(What to work on):
Only the lines from the one containing "On upholstery and" through the end of the data are wanted, reproduced exactly and without pictures.

*** Available data Section Begins ***

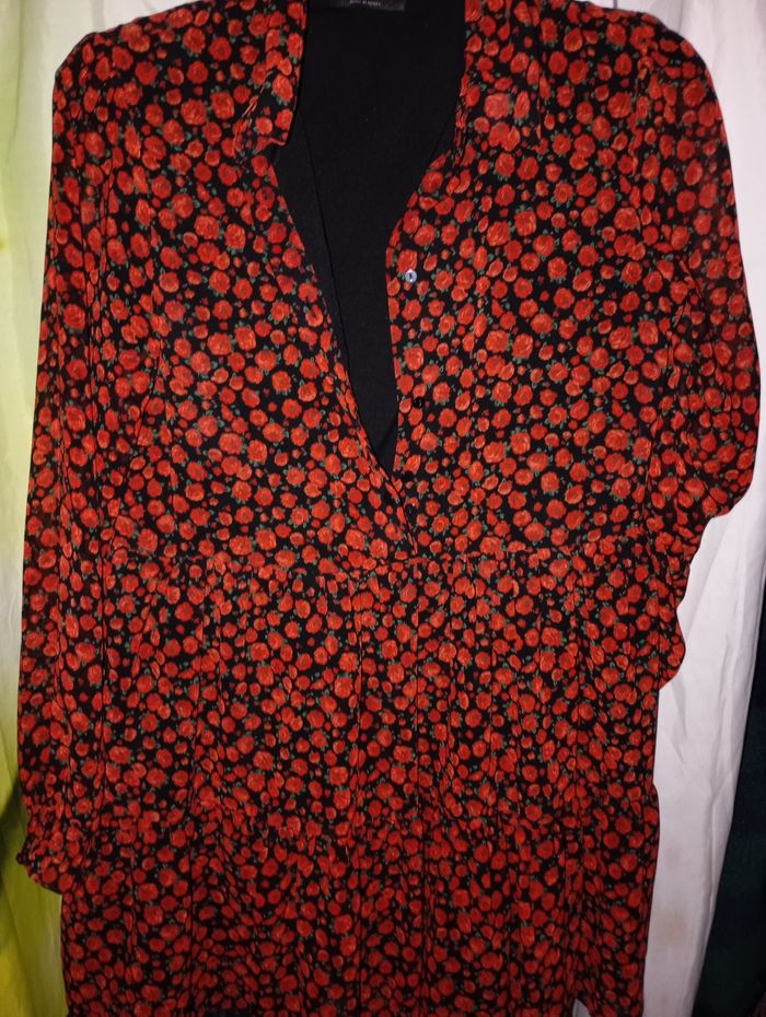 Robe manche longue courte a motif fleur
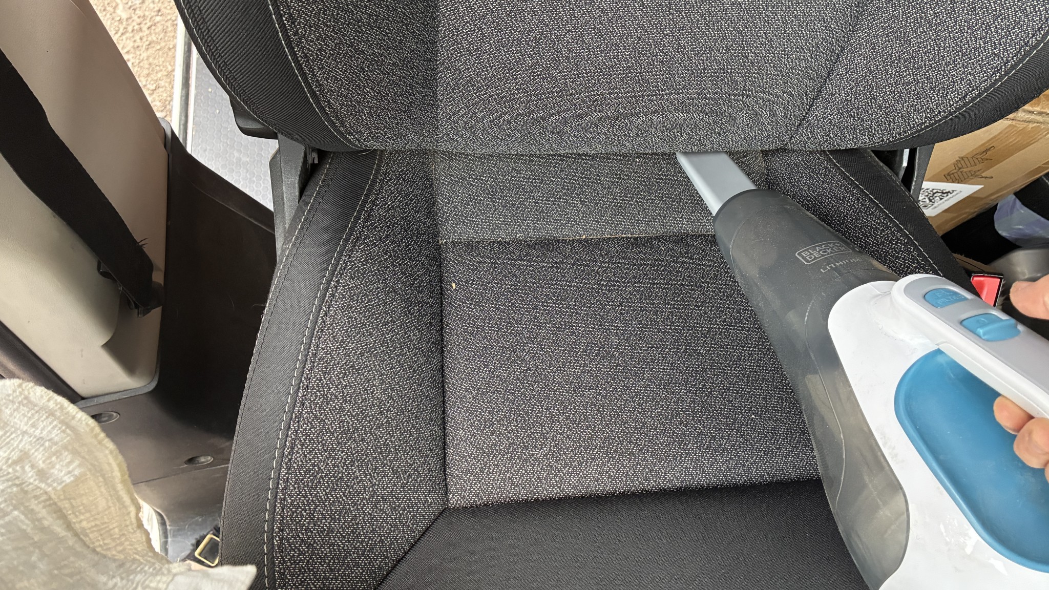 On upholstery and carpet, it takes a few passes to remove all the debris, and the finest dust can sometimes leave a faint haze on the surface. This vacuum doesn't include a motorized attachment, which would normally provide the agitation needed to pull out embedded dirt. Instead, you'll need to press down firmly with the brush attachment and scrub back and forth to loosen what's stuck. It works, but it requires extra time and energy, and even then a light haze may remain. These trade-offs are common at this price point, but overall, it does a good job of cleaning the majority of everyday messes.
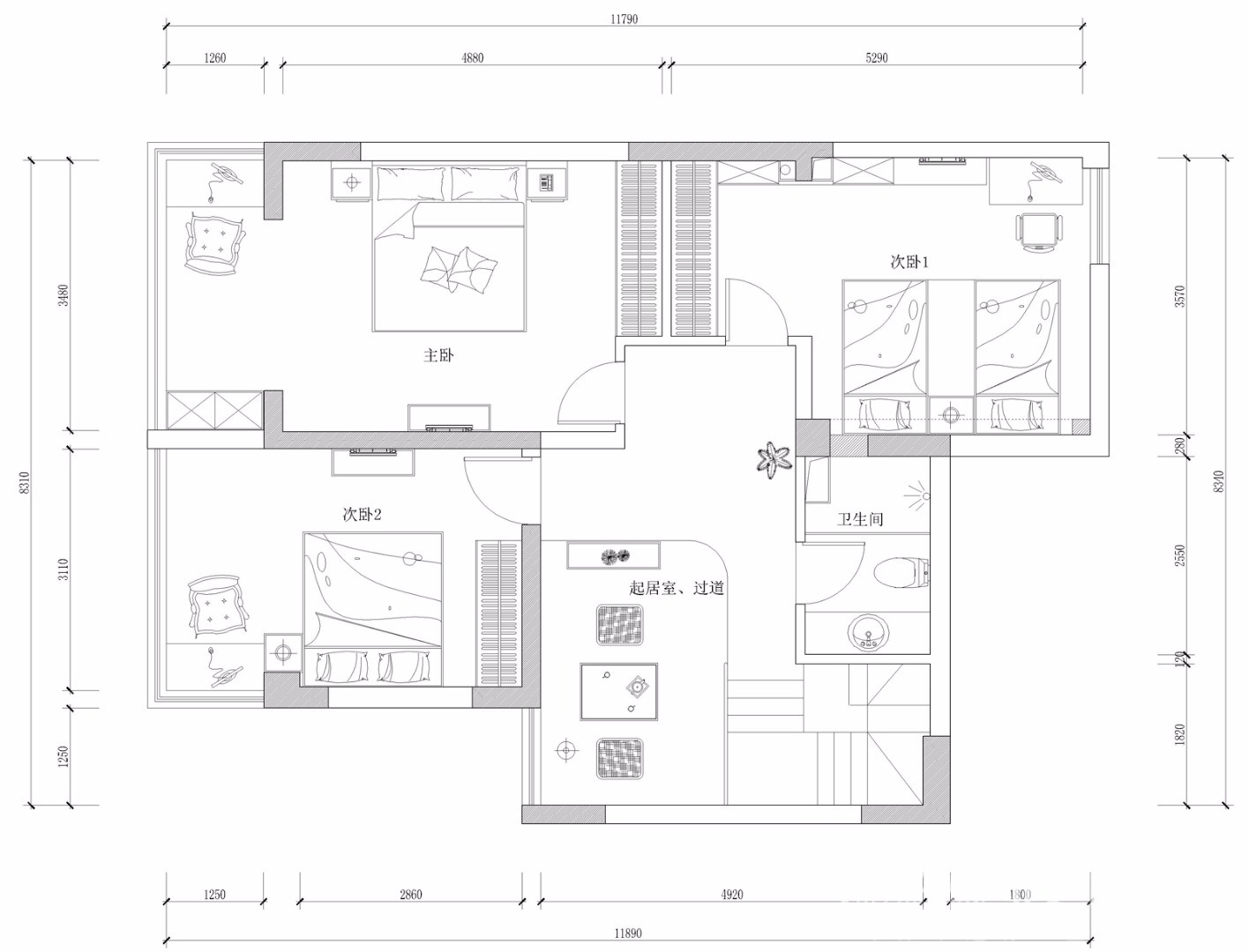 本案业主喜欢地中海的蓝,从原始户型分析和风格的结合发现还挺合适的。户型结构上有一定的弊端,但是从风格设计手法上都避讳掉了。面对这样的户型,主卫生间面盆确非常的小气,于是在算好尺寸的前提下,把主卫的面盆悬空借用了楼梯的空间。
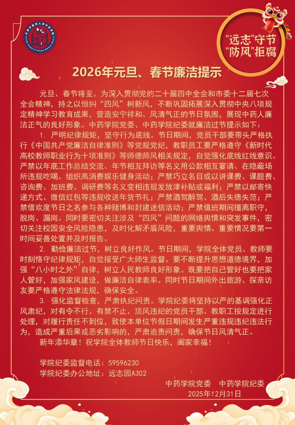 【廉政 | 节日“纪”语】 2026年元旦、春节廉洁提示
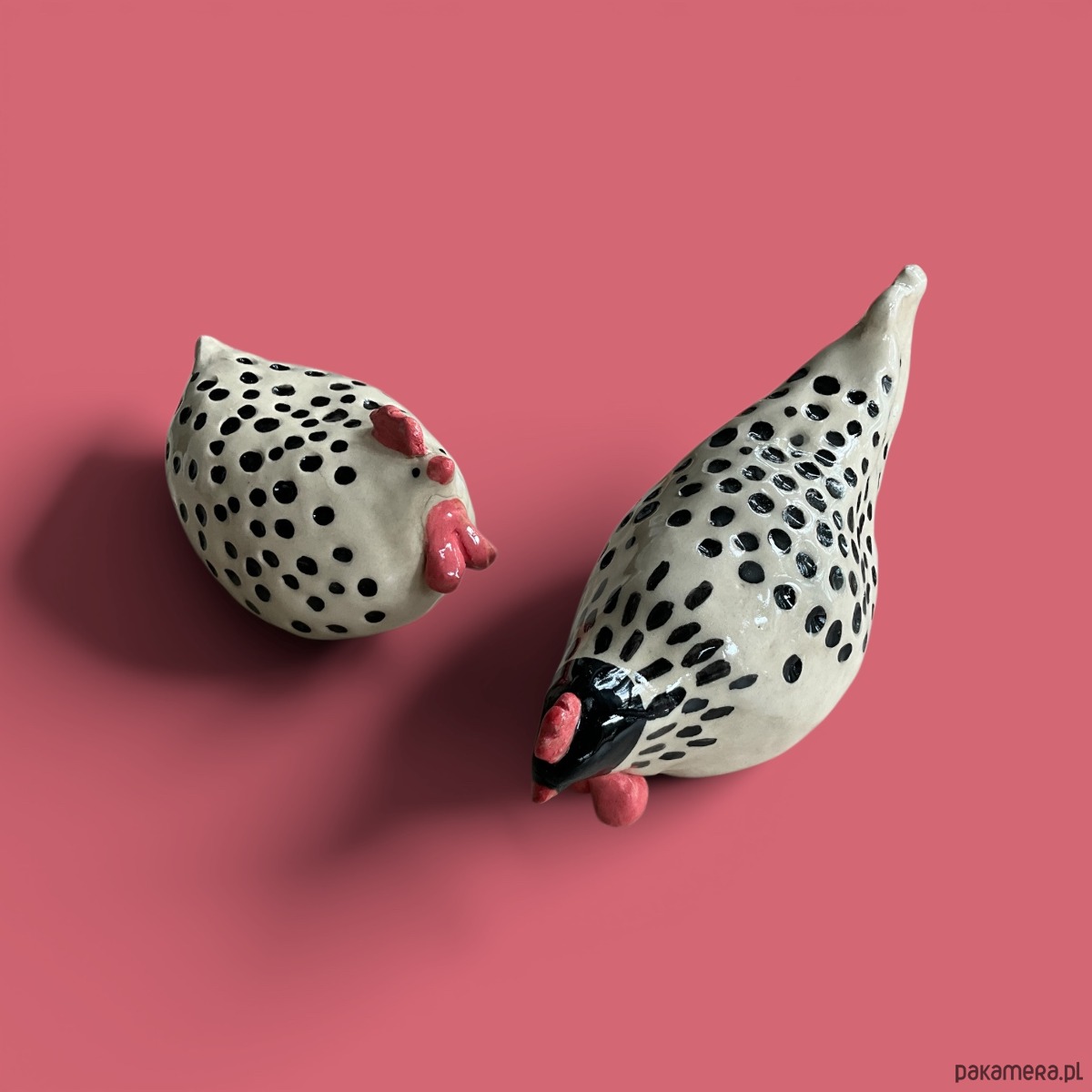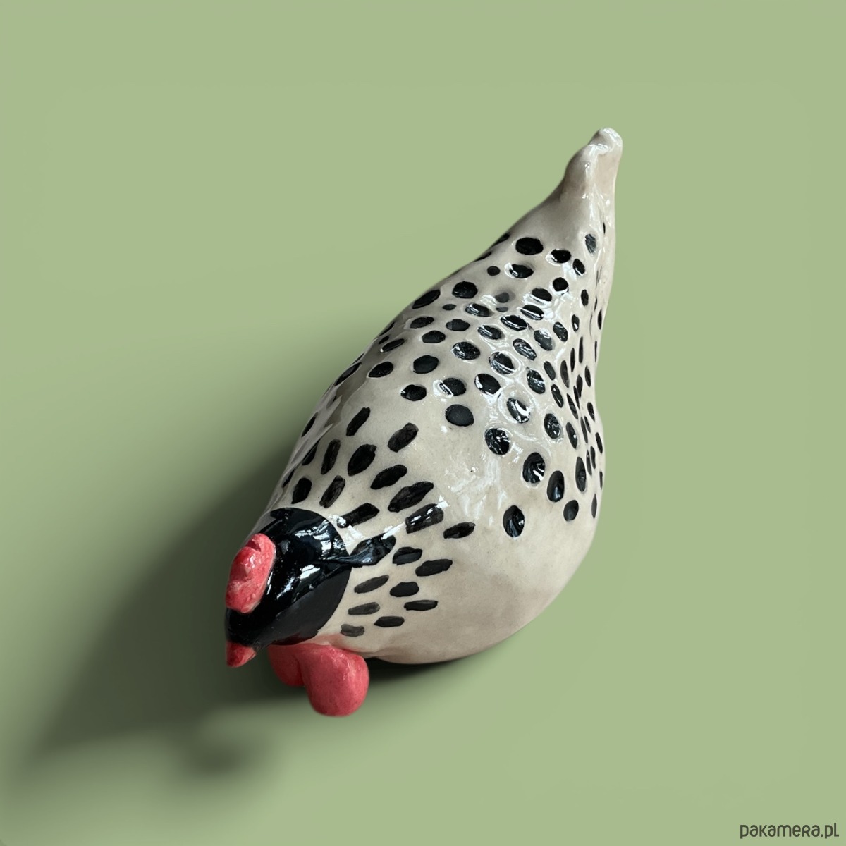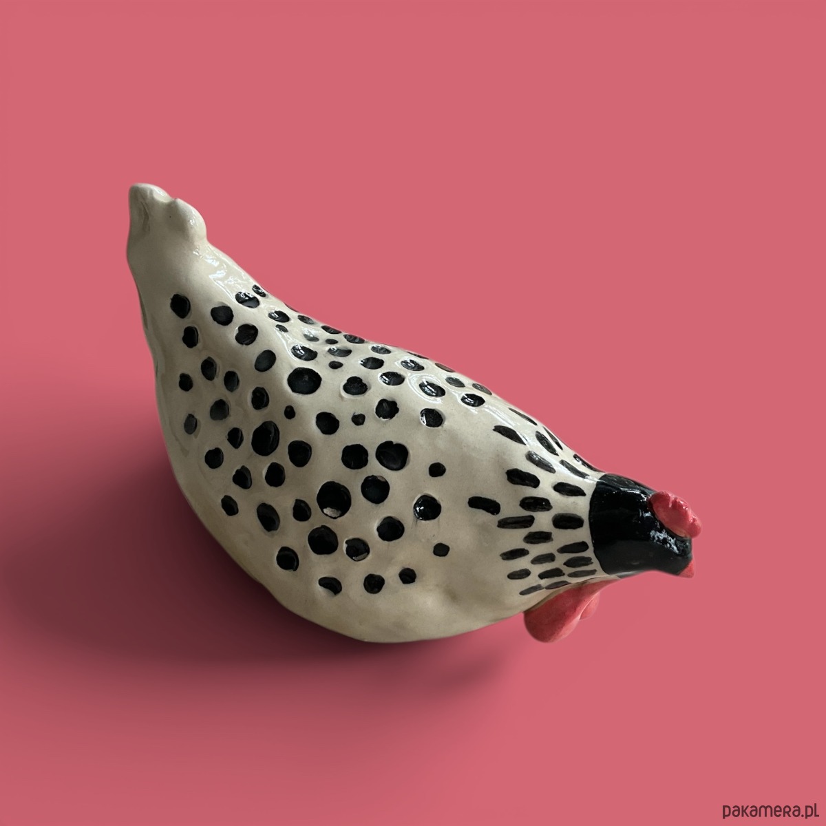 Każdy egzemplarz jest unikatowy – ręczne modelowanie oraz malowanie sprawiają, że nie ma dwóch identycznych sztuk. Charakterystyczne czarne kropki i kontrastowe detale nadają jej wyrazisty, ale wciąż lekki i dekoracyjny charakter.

*** Available data Section Ends ***

(Task answer):
 On upholstery and carpet, it takes a few passes to remove all the debris, and the finest dust can sometimes leave a faint haze on the surface. This vacuum doesn't include a motorized attachment, which would normally provide the agitation needed to pull out embedded dirt. Instead, you'll need to press down firmly with the brush attachment and scrub back and forth to loosen what's stuck. It works, but it requires extra time and energy, and even then a light haze may remain. These trade-offs are common at this price point, but overall, it does a good job of cleaning the majority of everyday messes.
 本案业主喜欢地中海的蓝,从原始户型分析和风格的结合发现还挺合适的。户型结构上有一定的弊端,但是从风格设计手法上都避讳掉了。面对这样的户型,主卫生间面盆确非常的小气,于是在算好尺寸的前提下,把主卫的面盆悬空借用了楼梯的空间。
 【廉政 | 节日“纪”语】 2026年元旦、春节廉洁提示
 Każdy egzemplarz jest unikatowy – ręczne modelowanie oraz malowanie sprawiają, że nie ma dwóch identycznych sztuk. Charakterystyczne czarne kropki i kontrastowe detale nadają jej wyrazisty, ale wciąż lekki i dekoracyjny charakter.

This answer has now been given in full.